CDS-PP e sindicatos de professores encontram "convergências" no que querem para a avaliação

30.10.2009 - 08:51 Por Sofia Rodrigues
A palavra convergência foi a mais ouvida ontem pelos responsáveis do CDS-PP e dos sindicatos dos professores, após conversações entre ambos sobre a substituição do actual modelo de avaliação e a alteração do Estatuto da Carreira Docente. Do lado do PS, que recebeu a Federação Nacional dos Sindicatos da Educação (FNE), ficou um aviso contra a "maioria [parlamentar] destrutiva".

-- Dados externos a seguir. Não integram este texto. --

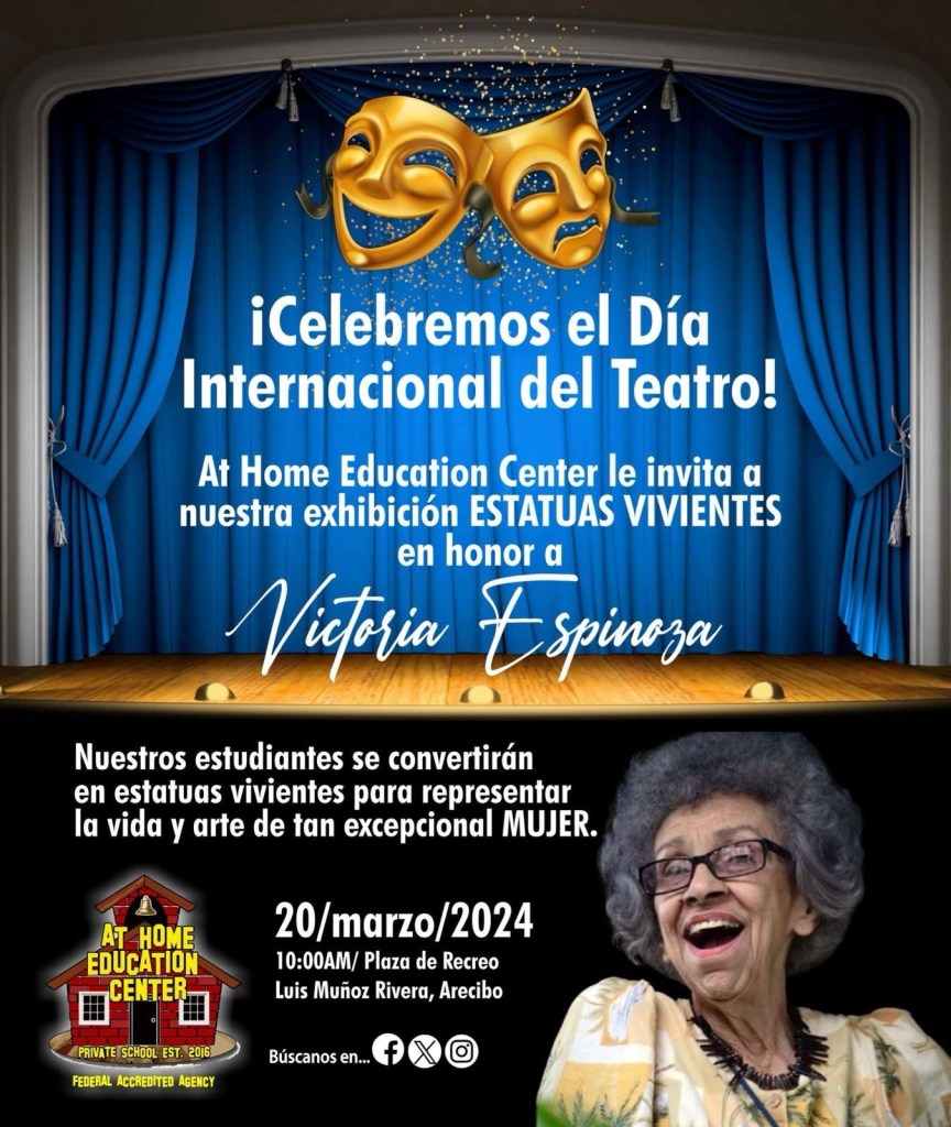 Ramírez Natal explicó que la actividad es dedicada a la profesora, productora y directora teatral, Victoria Espinosa (QEPD). “El mes de marzo se celebra el mes del teatro. Nuestra academia At Home Education Center, imparte clases de teatro como parte de su oferta académica para nuestros estudiantes. La agencia reconoce los grandes aportes en el desarrollo cognitivo y socioemocional que aporta esta rama del arte.”

À saída da reunião com dirigentes do CDS-PP, o secretário-geral da Fenprof, Mário Nogueira, mostrou-se satisfeito com as propostas dos centristas para resolver o impasse na Educação: "No plano dos princípios, há uma convergência grande", afirmou, nomeando um conjunto de aspectos em que há acordo. É o caso do fim da divisão da carreira entre professor e professor titular, da rejeição de "ajustamentos" ao sistema em vigor e da substituição do actual modelo por outro. Nesse novo modelo, Mário Nogueira defendeu a existência de um corpo de professores mais dedicados à avaliação e a existência de avaliação apenas quando os docentes estão prestes a mudar de escalão. Pontos que estão no guião do CDS-PP para elaborar os projectos de lei sobre o assunto, que deverão ser apresentados à Assembleia da República (AR) na próxima quarta-feira.
"Bastantes convergências" foi também a resposta do líder do CDS-PP, Paulo Portas, quando questionado sobre as "pontes" entre as propostas do partido e as da Fenprof. "Lembro que a Fenprof está entre os sindicatos que subscreveram a avaliação que vigora no ensino particular e cooperativo, onde o partido se inspira. É natural que possa haver convergências", disse Portas.
O modelo de avaliação de desempenho defendido pelo CDS-PP baseia-se na auto-avaliação do professor, que é entregue no final do ano lectivo para não prejudicar o curso das aulas; a nota tem de ser dada até ao início do ano escolar seguinte. A única autoridade para avaliar será o conselho pedagógico, já que" o actual modelo pôs os professores a espiar-se uns aos outros", criticou Portas. Entre os princípios defendidos pelo CDS-PP está também a criação de um sistema de arbitragem a que o docente possa recorrer no caso de não concordar com a nota.
Assis deixa recado
Nesta ronda pelos partidos, a FNE foi também ontem recebida pelo PS. O líder ainda não eleito do grupo parlamentar, Francisco Assis, referiu que no actual desenho da AR "facilmente se pode formar uma maioria destrutiva", levando "pura e simplesmente à revogação do que está em vigor". Defendeu, no entanto, que "o mais importante é formar-se uma maioria construtiva que aponte para soluções no sector da Educação" e deixou uma advertência: "Não estamos perante um Governo de assembleia".
O presidente da FNE advertiu para a necessidade de o Governo "dar sinais urgentes" de pretender iniciar negociações, sob pena de ficar refém da oposição. Certo é que por estes dias nem Governo nem Parlamento podem intervir para suspender o modelo. Por essa razão, Mário Nogueira pediu que o Ministério da Educação dê indicações às escolas para prolongar o prazo de afixação do calendário para o próximo ciclo de avaliação dos professores, que termina hoje.